Bitcoin – Did a strong U.S Jobs report REALLY pull BTC below $70K?

  • Bitcoin’s price whipsawed after stronger-than-expected May U.S jobs report
  • Market watchers can now shift focus to next Wednesday’s Fed meeting

As a researcher with a background in finance and experience following the cryptocurrency market, I believe that Friday’s stronger-than-expected U.S jobs report caused a significant reaction in Bitcoin’s price due to the potential impact on the Federal Reserve’s monetary policy decisions. The unexpectedly low unemployment rate and higher-than-anticipated job additions could make it less likely for the Fed to adopt a dovish stance, leading investors to sell off Bitcoin in anticipation of potential interest rate hikes.

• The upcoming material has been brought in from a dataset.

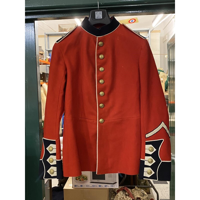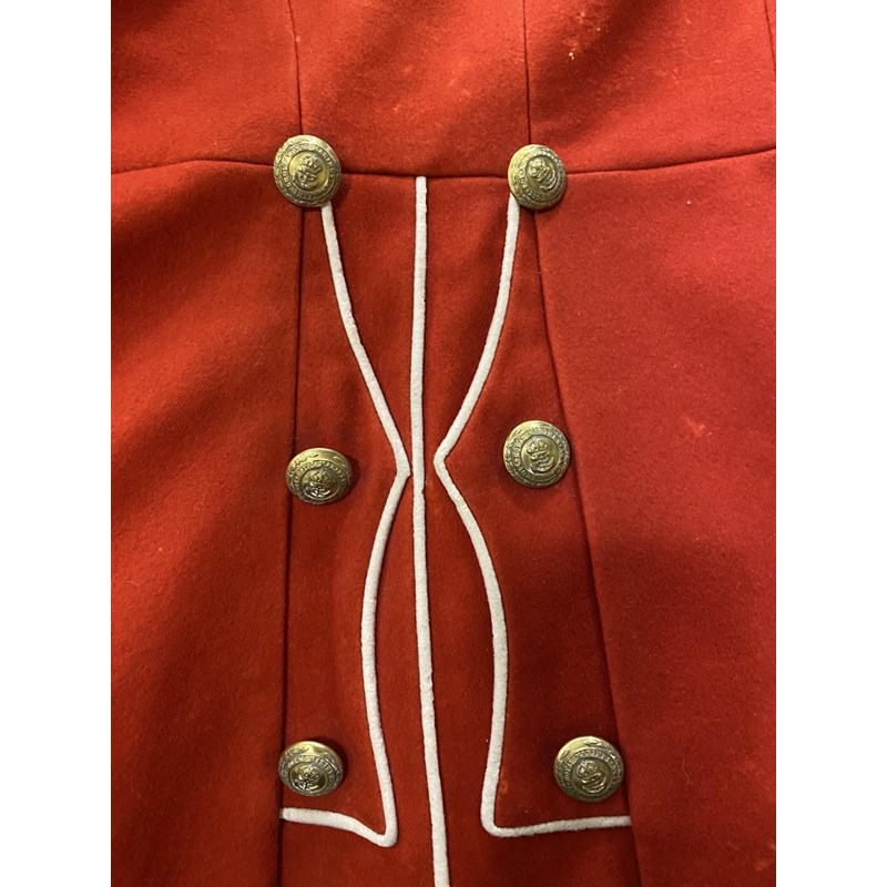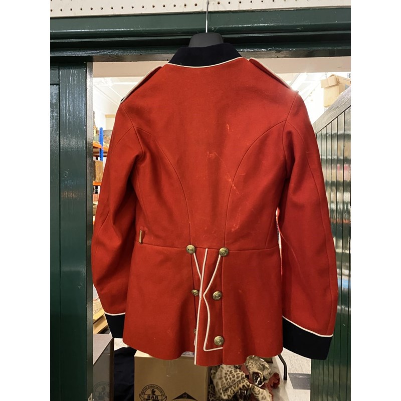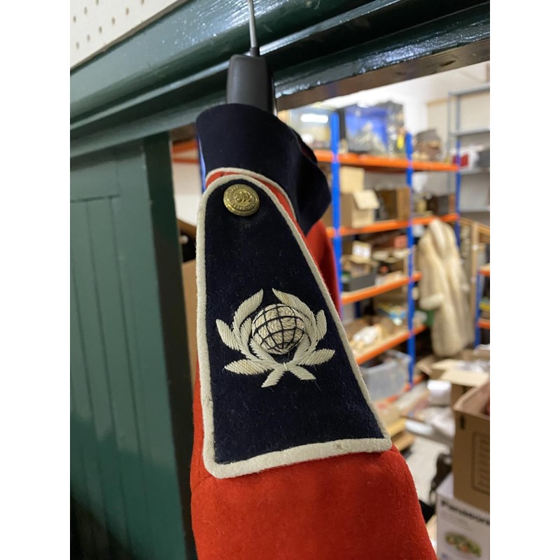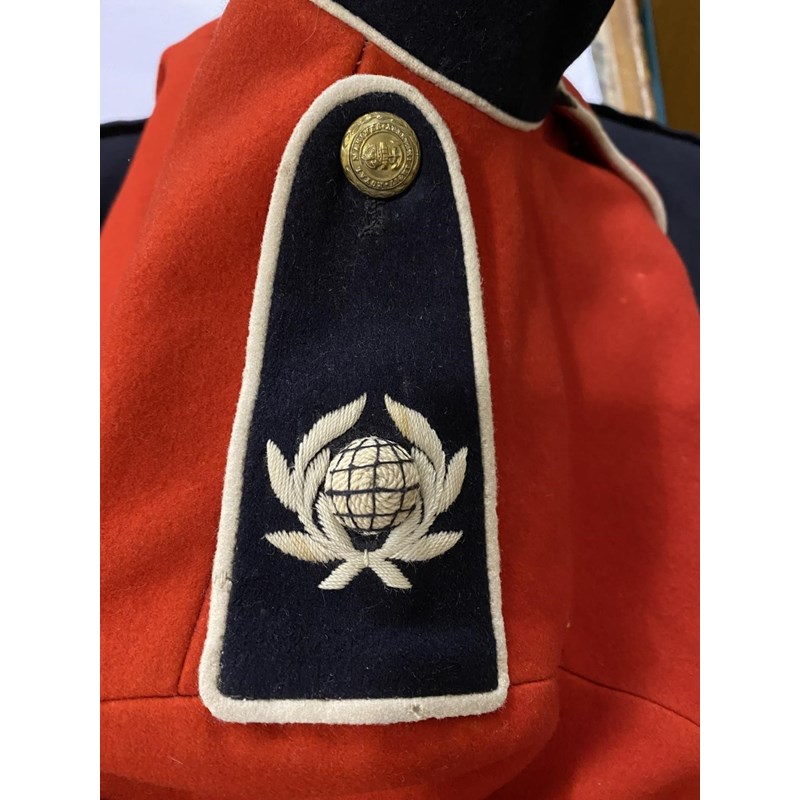 A uniform by Rogers John Jones Ltd of Mayfair, the label named 'Lt C.J. Goode, the jacket with Royal Marine buttons and collar badges, the shoulders with three pips for the rank of Captain, with parachute wings and Medal ribbon for British Empire Medal, with tie, shirt and trousers with red stripe. With an earlier Royal Marines Scarlet jacket with brass buttons and elaborate three button cuff.

As a researcher studying the cryptocurrency market, I observed that Bitcoin [BTC] dipped below the $71,000 mark during the early trading hours in New York on Friday. This decline came soon after the release of a stronger-than-expected May U.S jobs report. In the subsequent 24 hours, the cryptocurrency continued its downward trend and dropped beneath the $70,000 threshold on the charts.

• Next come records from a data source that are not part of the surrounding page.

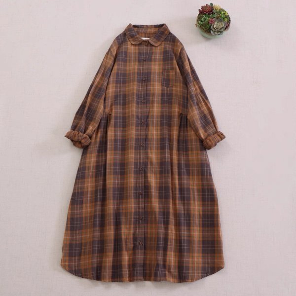 > lb 0708 カーディガン シャツワンピース ダブルガーゼ フリーサイズ チュニック トップス ナチュラル 綿100% 大人可愛 チェック柄1
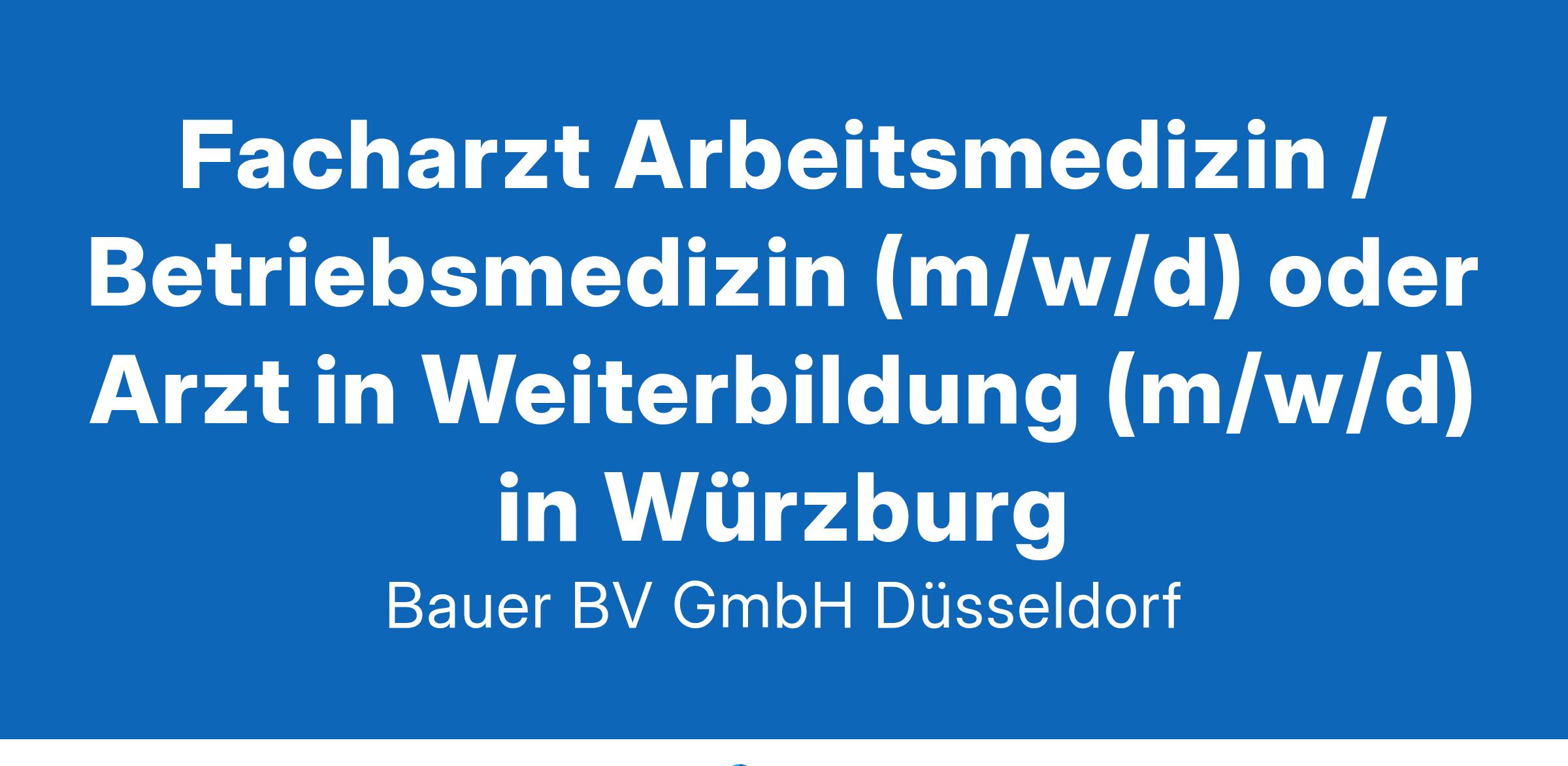 Facharzt Arbeitsmedizin / Betriebsmedizin (m/w/d) oder Arzt in Weiterbildung (m/w/d) in Würzburg
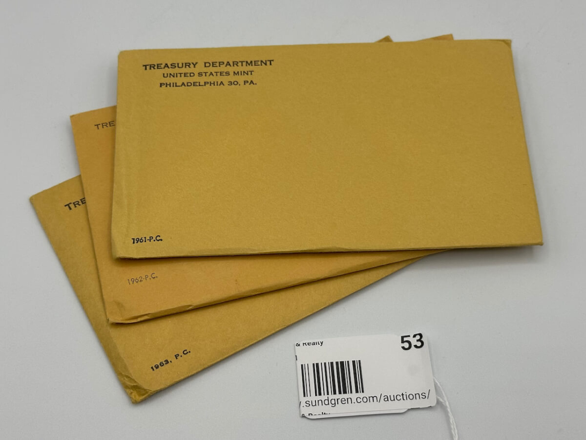 53 1961-1963, P.C. Uncirculated Coin Sets, unopened envelopes

As a researcher examining the latest U.S jobs data, I discovered that an impressive 272,000 positions were created last month, which exceeded the anticipated 190,000 new hires. Nevertheless, the unemployment rate unexpectedly rose to 4% instead of the projected 3.9%.

Workers rejoiced at the news, but it added complexity to the possibility of the Fed reducing interest rates during their June meeting. The employment data, which the Fed takes into account when formulating monetary policy, was one such factor making the decision more intricate.

A less robust economic indication might boost the probability of interest rate reductions, while a more robust one, similar to May’s report, could persuade the Federal Reserve to adopt a more cautious stance on monetary policy.

In my analysis as a market observer, I noted BTC‘s dramatic response following last Friday’s report. According to Scott Melker, the founder of “The Wolf of All Streets,” this reaction was quite unexpected and pronounced.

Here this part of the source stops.